Exercise data.

···

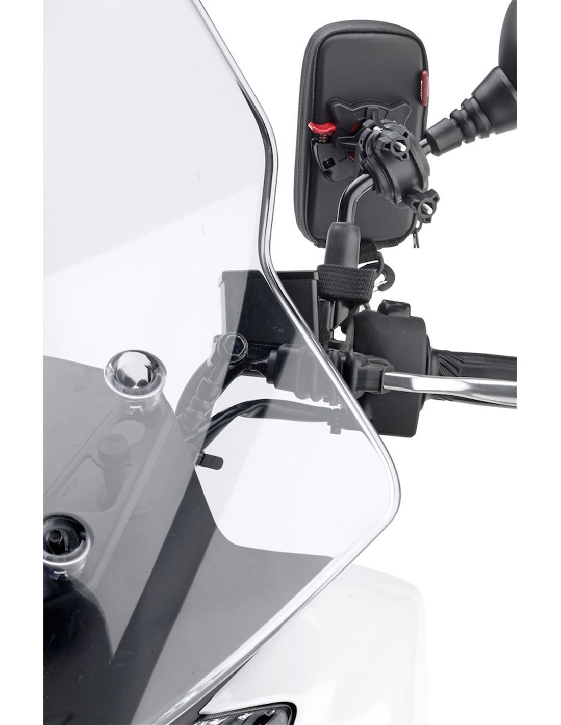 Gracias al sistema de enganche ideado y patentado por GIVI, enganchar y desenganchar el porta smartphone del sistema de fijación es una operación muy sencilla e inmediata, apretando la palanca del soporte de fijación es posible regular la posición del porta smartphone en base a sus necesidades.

···

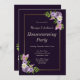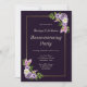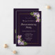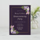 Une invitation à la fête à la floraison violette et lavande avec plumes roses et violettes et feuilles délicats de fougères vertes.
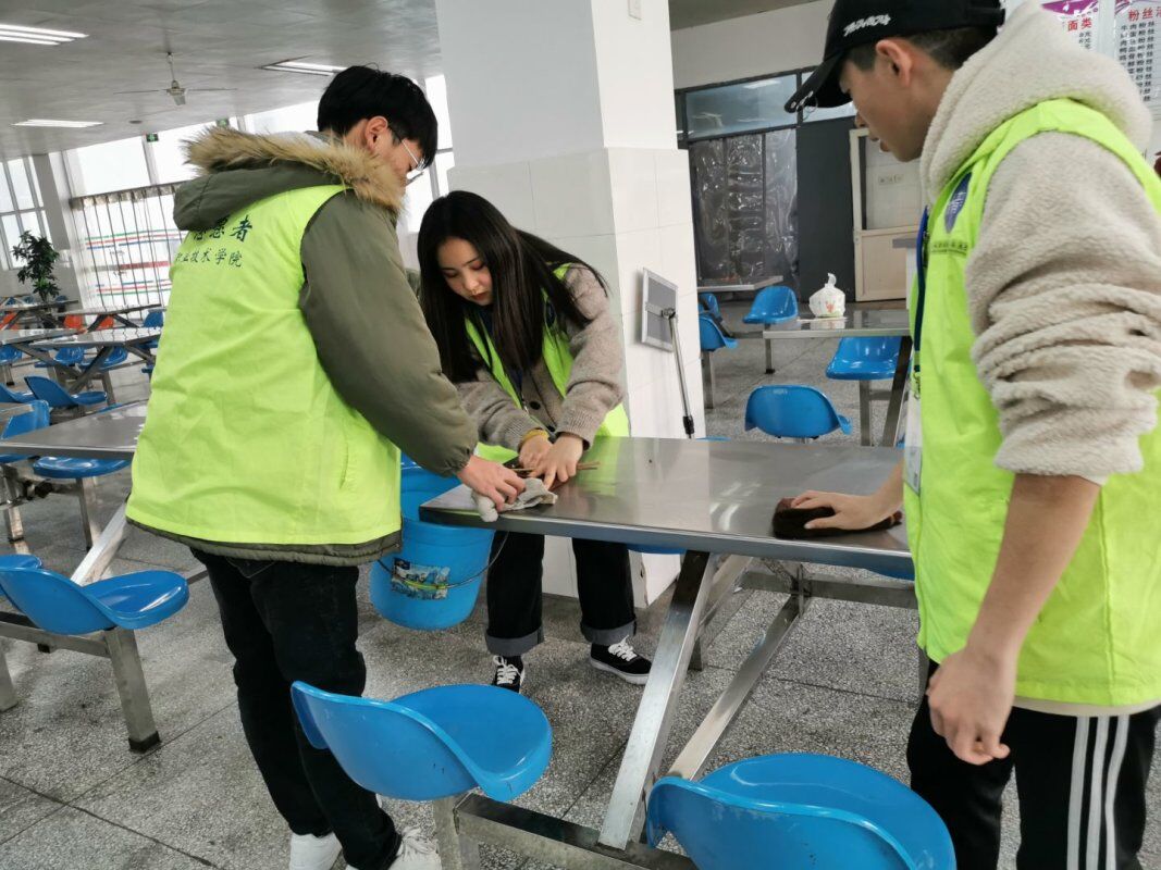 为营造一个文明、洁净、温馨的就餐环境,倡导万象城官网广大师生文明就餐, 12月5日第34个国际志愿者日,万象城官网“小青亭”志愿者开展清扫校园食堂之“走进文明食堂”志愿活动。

···

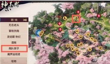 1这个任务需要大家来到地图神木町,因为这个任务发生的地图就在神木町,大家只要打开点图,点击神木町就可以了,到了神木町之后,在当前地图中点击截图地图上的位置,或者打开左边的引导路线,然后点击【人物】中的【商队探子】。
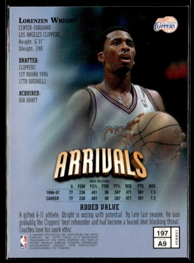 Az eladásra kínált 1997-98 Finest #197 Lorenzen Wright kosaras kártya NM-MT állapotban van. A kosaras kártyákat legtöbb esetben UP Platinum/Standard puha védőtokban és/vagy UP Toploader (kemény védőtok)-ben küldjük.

···

Exercise requirements.
Within the entries above, the lines from the one containing "1这个任务需要大家来到地图神" through the one containing "Az eladásra kínált" are to be transcribed exactly, ends included, pictures excluded.

Response area.
 1这个任务需要大家来到地图神木町,因为这个任务发生的地图就在神木町,大家只要打开点图,点击神木町就可以了,到了神木町之后,在当前地图中点击截图地图上的位置,或者打开左边的引导路线,然后点击【人物】中的【商队探子】。
 Az eladásra kínált 1997-98 Finest #197 Lorenzen Wright kosaras kártya NM-MT állapotban van. A kosaras kártyákat legtöbb esetben UP Platinum/Standard puha védőtokban és/vagy UP Toploader (kemény védőtok)-ben küldjük.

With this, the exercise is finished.